Why "Quarter Horse Bars" Doesn't Mean One Size
It's common to hear a saddle described by breed — quarter horse bars, full quarter horse bars — and assume that settles the fit question. It doesn't. Veterinarian Joyce Harman has pointed out that many of today's quarter horses carry more thoroughbred breeding than people expect, with narrower toplines than the wide-bar saddles built for the breed's older body type. There's no industry-wide standard for what one maker calls "wide" versus what another calls "medium," so a tree size on a tag tells you less than actually setting the saddle on the horse.
How to Check Fit Without a Pad
The most reliable check starts with the saddle alone, no pad, set directly on the horse's bare back. Slide your fingers down the gullet from front to back — you're looking for clearance the whole way, not just at the withers. Trainer Kevin Oliver, who spent years cowboying 14 to 16 hours a day in the saddle, recommends checking the same way: saddle on bare back, looking for even contact rather than gaps or pressure points. A saddle that bridges — touching down at the front and back but leaving daylight in the middle — is putting the rider's full weight on two small areas instead of spreading it across the horse's back the way a correctly fit tree does.

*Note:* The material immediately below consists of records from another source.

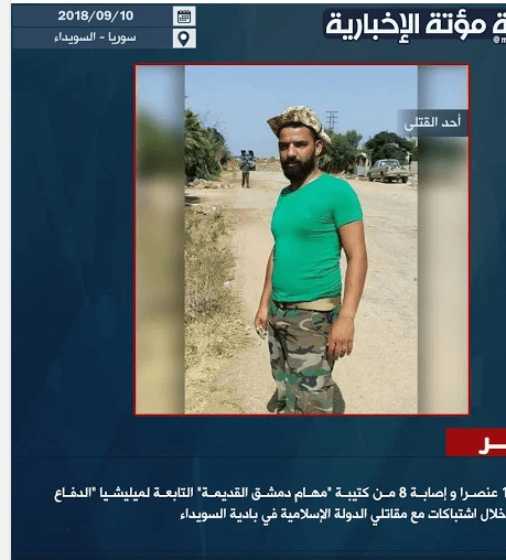 Παράλληλα όπως ανακοίνωσε η ISIS σκότωσε 13 και τραυμάτισε 8 μαχητές των φιλοκυβερνητικών δυνάμεων των Μονάδων Εθνικής Άμυνας στην έρημο της Sweida. Οι μαχητές ανήκαν σε σχηματισμό Task Force της παλιάς Δαμασκού.
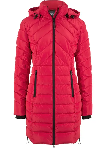 Diese Steppjacke mit kurzem Kragen überzeugt mit beidem: hohem Tragekomfort und einem legeren Aussehen. Das Modell von bpc präsentiert sich in angenehmer Länge mit einer abnehmbaren Kapuze und einem Tunnelzug. Mithilfe der seitlichen Reißverschlüsse lässt sich die Jacke an der Hüfte erweitern. Farblich abgesetzte Ärmelenden mit Rippbündchen unterstreichen das lässige Aussehen. Zu schließen ist die bequeme Long-Steppjacke mit Wattierung mit einem 2-Wege-Reißverschluss.
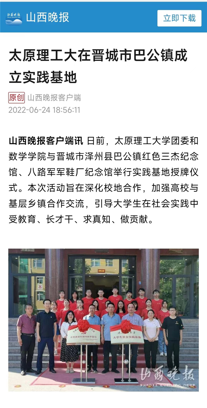 山西晚报客户端讯日前,356体育在线官网团委和数学学院与晋城市泽州县巴公镇红色三杰纪念馆、八路军军鞋厂纪念馆举行实践基地授牌仪式。本次活动旨在深化校地合作,加强高校与基层乡镇合作交流,引导大学生在社会实践中受教育、长才干、求真知、做贡献。
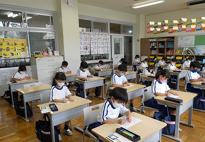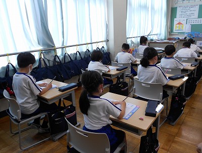 今日の1校時は、書写の時間です。「うつしまる」というドリルを使って、原稿用紙の使い方を学習しました。

What a Horse's Body Tells You
A horse can't say a saddle hurts, but the signs are there if you know where to look. Pinned ears, tail swishing, or moving away during saddling are common early signs of discomfort, according to saddle fitting research published by Farnam. A shortened stride, a back that won't relax under the rider, or head-tossing at the mount can all point the same direction. After a ride, pull the saddle and pad and look at the sweat pattern — even, consistent dampness across the back is a good sign, while dry patches surrounded by sweat usually mean a spot where the saddle isn't making contact, or is making too much. White hairs on the back or withers are a longer-term warning sign: they show up after the saddle tree has already put enough pressure on one spot to damage the hair follicles underneath, which means the fit problem has been there for a while.

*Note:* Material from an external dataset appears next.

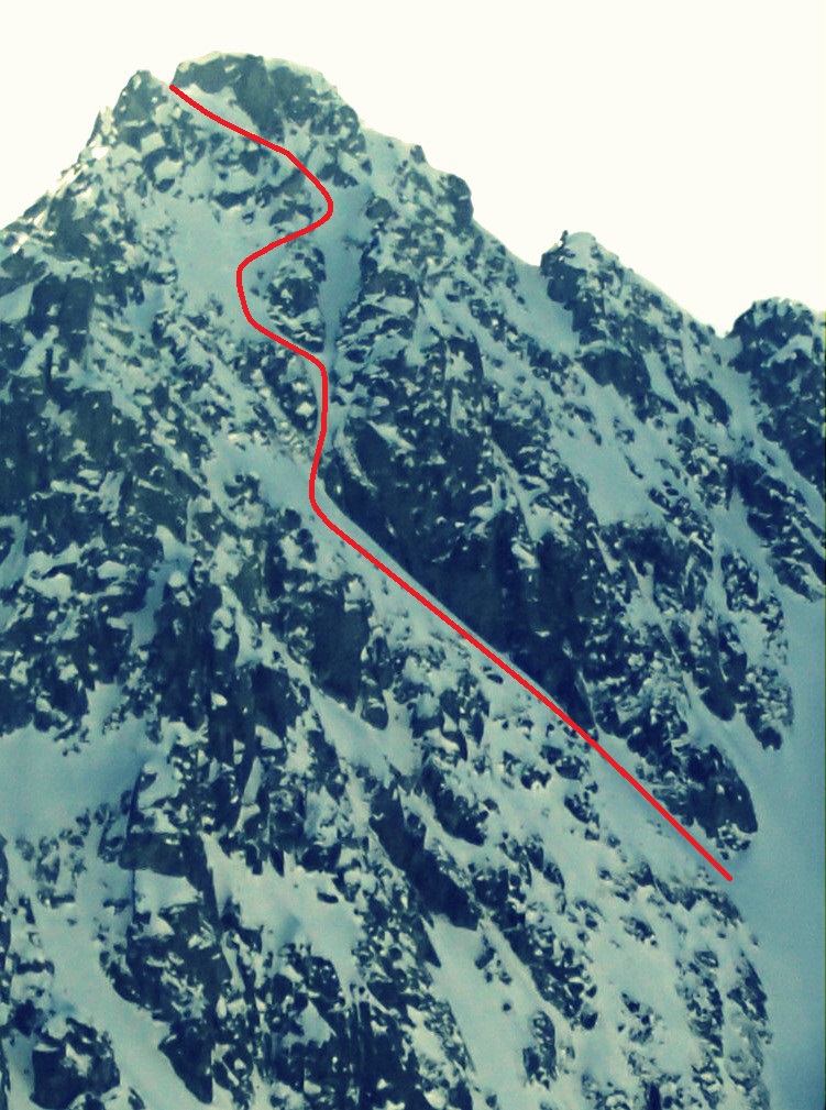 Sjezd lze zahájit opět až z úplného vrcholu. Prvních pár metrů na jih, potom už obrat na sever. Tím se objede horní skalka a už jsem na balkónku nad severní stěnou. Nepříliš strmá rampa mě dostává přímo do spádnice vrcholu, kde je něco jako žlab. Pár přesných oblouků a přichází traverz pod převislou věžičkou. Tam je potřeba si dát pozor, prosmýknout se pod ní a nezavadit o ni ramenem či batohem. Krátké sněhové pole mě navádí nad klíčové místo, uzoučký žlab. Cítím také expozici. Spousta vzduchu pod lyžemi. Měřáček od Piepsu ukazuje 51°. Hlavním problémem je ale šířka žlábku končícího malým skalním prahem. Každý přeskok/oblouk je potřeba přesně trefit a nikde nechytit patkou nebo špičkou. Tady opravdu není prostor na chybu! Přeskoky už dávám izolovaně, pěkně jeden po druhém. Potom s lyžemi na nohou ,,rozporem" špička-patka slézám asi metrový skalní práh. Skočit nejde, protože moc není kde brzdit. Tady opravdu chybí troška více sněhu...

Why a Thicker Pad Isn't the Fix
It's tempting to solve a fit problem by adding padding, but a pad works more like a sock than a cure — it reduces friction, it doesn't correct a tree that's the wrong shape for the horse. Stacking pads or going up in thickness can actually push the saddle out of position and create new pressure points instead of relieving the old one. A saddle that's properly fit generally only needs a pad in the ¾" to 1" range; if a horse seems to need a thick pad just to make a saddle bearable, that's usually a sign the saddle itself is the problem, not the padding.

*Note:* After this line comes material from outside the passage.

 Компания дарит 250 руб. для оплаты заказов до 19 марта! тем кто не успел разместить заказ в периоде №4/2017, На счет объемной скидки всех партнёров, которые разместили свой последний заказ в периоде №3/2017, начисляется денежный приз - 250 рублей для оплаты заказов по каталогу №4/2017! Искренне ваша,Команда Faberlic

How Bos Saddlery Fits a Saddle
This is the same reasoning behind why Bos Saddlery measures the horse first, before any leather is cut or any saddle is sold. A stock saddle can fit an average horse reasonably well and a specific horse only by luck. Fitting in person — looking at the horse's back, withers, and the way the horse is built, then checking the saddle against all of it — catches the problems a size chart can't.